Ironically, it is often not the gleaming periods of success that define or shed the truest light on someone’s career or mettle, but the dark moments of defeat and struggle – dealt with and then surmounted, that tell a tale that can’t be gleaned from amidst the halcyon glare of ultimate triumph and victory.

What makes McMahen special, from a club stalwart perspective is not just the premiership successes he enjoyed (the first as a fresh-faced newbie in 1948) but also the barren seasons he endured in between, where wins were few and the hardships many. One such season was that of 1951 – Melbourne notched just the one solitary win to finish last by a full three games. But it was a year McMahen finished with a club best and fairest, gaining mileage for the rest of his life: “This pretty much meant I was actually the competition’s ‘worst and the dirtiest’, seeing our team were playing so poorly.”

The self-effacement aside, who could ever hope to lead a team in the AFL to premiership glory (as McMahen did) twice in the only two seasons they were made team captain (not to mention that second year, 1956 – an Olympic year – being considered by many as the club’s greatest ever season) is something that will surely remain an unrepeatable feat, for as long as football is played.

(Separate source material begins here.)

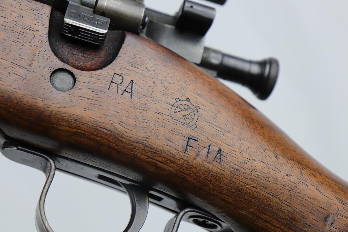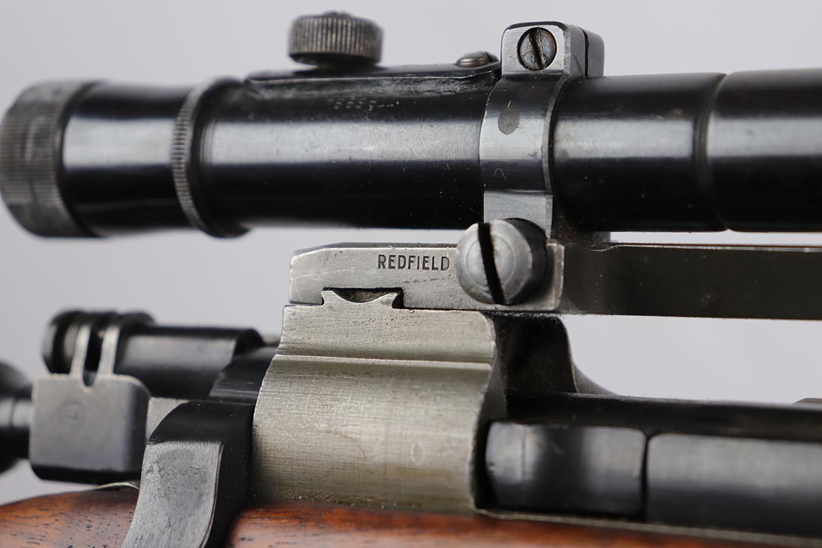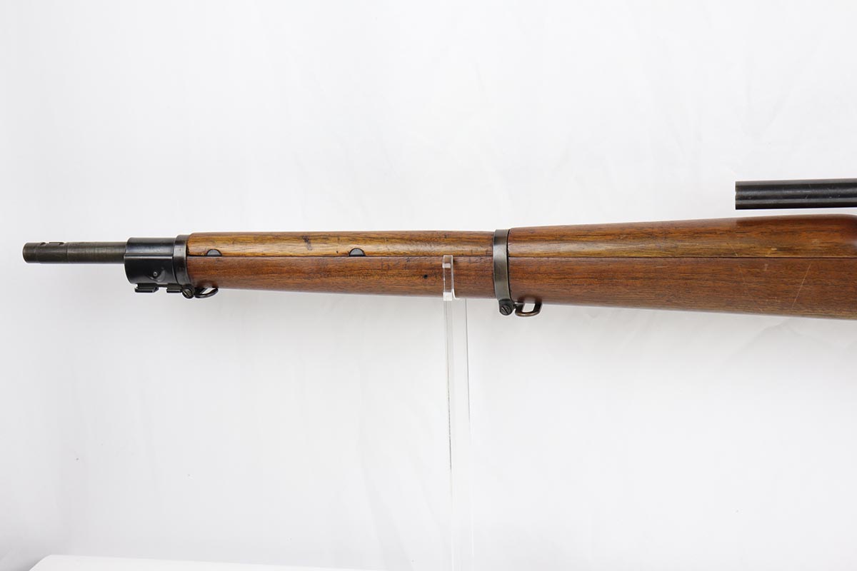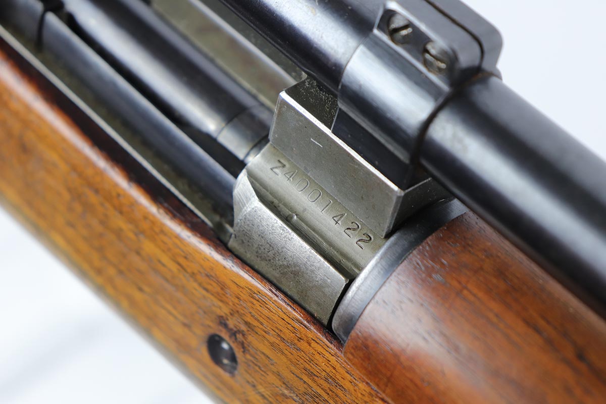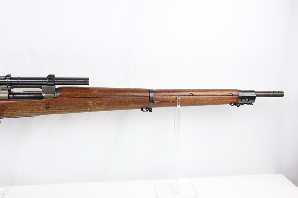 8/20/19 – This is a rare and desirable Remington Model 1903-A4 sniper rifle with scarce ‘Z-prefix’ serial. There were fewer than 3,000 such examples produced. The rifle features a Weaver M73B1 scope on a Redfield mount. The M73B1 were one of the standard optics on WWII Model 1903A4 Sniper Rifles. It has crystal clear optics. The rifle has the distinctive Model 1903A4 features which include a “Type C” pistol grip stock with bolt relief cut-out, a modified bolt handle, the rear sight is removed to accommodate the scope mount and the barrel has no front sight base or blade. Barrel is dated to September of 1943. The rifle is in good condition but the metal parts do show a general thinning of the finish. Excellent stock with sharp Remington Arms proof, as well as crossed cannon cartouche and FJA inspector mark. There is a series of dings on the right side, near the forward end of the scope, as well as a two-inch long surface crack on the forend. The barrel is the two groove style utilized on late production Model 1903A4 rifles. Strong, shiny bore.

As the sun brightly sets on the life of Noel McMahen – a life that commenced in 1926, the very year of the Melbourne Football Club’s most famous premiership win of all, and the same year a young Ernest Hemingway appropriately released his first novel ‘The Sun Also Rises’. It would be no exaggeration to say, the game itself, not to mention the team of the red and the blue, will ever see the shining likes of a Noel McMahen again.